Friday, October 8th, 2021
With e-Commerce gaining prominence worldwide, it is not surprising that consumers expect to use their debit and credit cards no matter where they are in the world.
Merchants who are running their online businesses must be prepared to accept payments from customers worldwide. These transactions must not only be safe, but efficient.
This means that merchants, when they are looking for a payment processing solution in Europe, should look to invest in those solutions that can integrate seamlessly with current and future business operations. They should also address the needs of both online and offline transactions as well as meet the regulations domestically and internationally.
What Features Are Needed For Credit Processing In Europe?
Here are a few more key features to consider before doing business in Europe.
- Balance approvals and risk
Since many credit card companies deny international transactions more often than domestic transactions, merchants need to make sure they are adequately securing their payment processing systems. If the merchant accrues rejections and high rates of fraud, this can prompt providers to revoke the account and the end of the business.
- Seamless integration
All businesses would greatly benefit if they chose an API-enabled solution. Payment providers also offer pre-built plugins for e-Commerce platforms and hosted solutions. It offers speed, simplicity, and needs little coding to launch.

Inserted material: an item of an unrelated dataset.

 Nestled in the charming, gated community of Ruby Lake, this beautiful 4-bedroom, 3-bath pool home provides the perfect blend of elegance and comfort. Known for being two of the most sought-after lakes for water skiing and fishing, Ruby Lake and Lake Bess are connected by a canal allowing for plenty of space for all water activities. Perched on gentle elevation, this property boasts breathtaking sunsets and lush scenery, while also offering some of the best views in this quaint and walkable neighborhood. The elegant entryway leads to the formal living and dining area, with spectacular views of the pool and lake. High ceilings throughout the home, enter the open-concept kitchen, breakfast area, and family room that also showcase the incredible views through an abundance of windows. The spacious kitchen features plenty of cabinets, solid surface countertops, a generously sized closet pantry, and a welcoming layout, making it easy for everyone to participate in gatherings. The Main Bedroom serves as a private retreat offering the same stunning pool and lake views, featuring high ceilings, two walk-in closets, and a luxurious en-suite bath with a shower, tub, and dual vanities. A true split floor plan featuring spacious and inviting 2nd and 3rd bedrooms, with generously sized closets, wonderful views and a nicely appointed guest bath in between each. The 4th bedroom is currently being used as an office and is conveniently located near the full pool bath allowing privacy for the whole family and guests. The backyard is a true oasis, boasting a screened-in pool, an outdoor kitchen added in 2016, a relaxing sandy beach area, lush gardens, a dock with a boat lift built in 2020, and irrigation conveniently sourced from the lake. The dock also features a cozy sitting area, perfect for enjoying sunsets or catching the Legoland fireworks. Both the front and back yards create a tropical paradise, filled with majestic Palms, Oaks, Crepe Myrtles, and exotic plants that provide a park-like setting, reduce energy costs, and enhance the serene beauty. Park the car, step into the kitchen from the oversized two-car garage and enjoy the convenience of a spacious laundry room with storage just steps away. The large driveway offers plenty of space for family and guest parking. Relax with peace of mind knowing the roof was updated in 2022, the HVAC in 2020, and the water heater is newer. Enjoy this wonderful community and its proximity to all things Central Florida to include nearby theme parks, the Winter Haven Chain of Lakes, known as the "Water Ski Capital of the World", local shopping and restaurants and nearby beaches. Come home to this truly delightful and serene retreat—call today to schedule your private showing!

- Integrated fraud protection
In order to balance high approval rates with risk of fraud, an integrated fraud protection is essential. It can be done by offering customizable rules and safeguarding transactions via different payment methods such as wallets, bank transfers, and cards.
Top Credit Card Processors In Europe
1. Stripe
With dual headquarters in San Francisco and Dublin, Ireland, Stripe is known for its payment processing software that handles card payments and ACH payments. Its features include:
- Recurring billing
- Accepts bitcoin
- Facilitates payments on “marketplace style platforms”
- Pricing structure is “pay-as-you-go”. A fee is taken from each transaction
2. Rapyd
Headquartered in London, Rapyd is a payments platform that enables customers to pay with their preferred method of payment, including: cash, e-wallets, local cards, and even bank transfers. Here are their additional features:
- Multi-currency support
- Low cost
- Built-in fraud protection
- Integration options
- Available in most European countries and territories
3. Worldpay From FIS
As an established payment processing company that was later acquired by FIS, Worldpay accepts various payment methods. Some of these include e-wallets and credit/debit cards. They also provide merchants with card machines for mobile, virtual, and POS payments.
- Has the FIS integrated payments platform supporting online and in-person transactions
- Scalable
- Interchange-plus pricing available
- Customer support available 24/7
4. Paypal
As ubiquitous as it is popular, Paypal continues to spread throughout the world as it now serves well over 200 countries and regions. It also supports 25 currencies. As an international gateway provider, Paypal pretty much dominates.
- No monthly fees
- Simple to use
- Make in-store payments
- Allows recurring/subscription payments
5. Adyen
The Amsterdam-based payment company provides a payment gateway and is a payment service provider that enables merchants to accept bank-based payments, credit cards, and other digital transactions. If a business is looking to expand globally, Adyen is fully equipped to tackle the complexities of international processing.
- No setup, application, or monthly fees
- No early termination fees
- Full-stack payment service provider (PSP)
- Transparent fees
Choose Only The Best
Businesses who want to scale by growing and reaching international markets must be well-equipped to manage all the complexities involved with “cross-border credit card transactions.” In order to keep approval rates elevated, they must be prepared to mitigate risk in every European country they plan to enter and engage in business.